その期待は、ある意味裏切られた。冒頭、「今から撮ります」と東海テレビの報道部でカメラやマイクを設置し始めると、「何なんだ」「聞いていない」「とにかくやめろ」「お互いの同意がないだろ」と同僚からの怒号が起こる。これはおもしろくなるぞ、と思った。

ところが画面は「2か月後」となって、「取り決め」ができた。「マイクは机に置かない」「打ち合わせの撮影は許可を求める」「放送前に試写を行う」。それからは、社会科見学の小学生へのレクチャーとか視聴率アップ運動とか働き方改革の指示とかで、あまりおもしろくない。

盛り上がるのは、顔出し不可のインタビューの顔が出てしまった時の騒ぎ。スタッフは2011年の「ぴーかんテレビ」で「怪しいお米、セシウムさん」というダミーのテロップが流れてしまった事件を思い出す。しかし今回は騒ぎも小さく、その映像も長くは続かない。

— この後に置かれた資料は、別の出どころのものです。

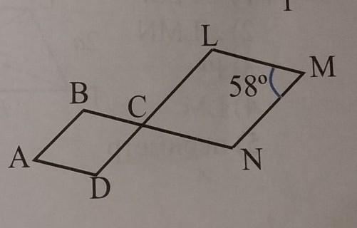 отрезки BN и DL пересекаются в точке C ABCD и CLMN паралалеграммы Если угол M=58° то:

映像は次第に3人の「外れ者」が中心となる。1人は「働き方改革」のための増員されて製作会社から来た契約の渡邊さん。いかにもオタクで記者には向いていな感じだが、案の定ヘマばかりして3月末で解雇される。

もう1人はベテランの澤村さん。地元経済紙出身で1年ごとの契約だが、「テロ等準備罪」=「共謀罪」の取材に熱心な社会派記者だ。渡邊さんも彼も独身で、我が道を行く。

3人目はキャスターの福島さん。彼はメインのニュースキャスターとして番組の顔となり、広告でも大きく使われるが視聴率は伸びない。結局、3月に先輩と交代となる。

この映画は3月の渡邊さん、福島さんの退場で何となく終わる。福島さんのその後の活躍も少しは写るが。もっと普通の社員記者たちの話を聞きたかったとは思うが、見終わるとあるテレビ局の停滞感は十分に伝わってくる。昔、新聞社に20年近く務めた私は、かつての見慣れた「報道」の傲慢でいい加減で事なかれ主義の雰囲気を思い出した。

これはぜひ続編が欲しいが、東海テレビでも無理だろうか。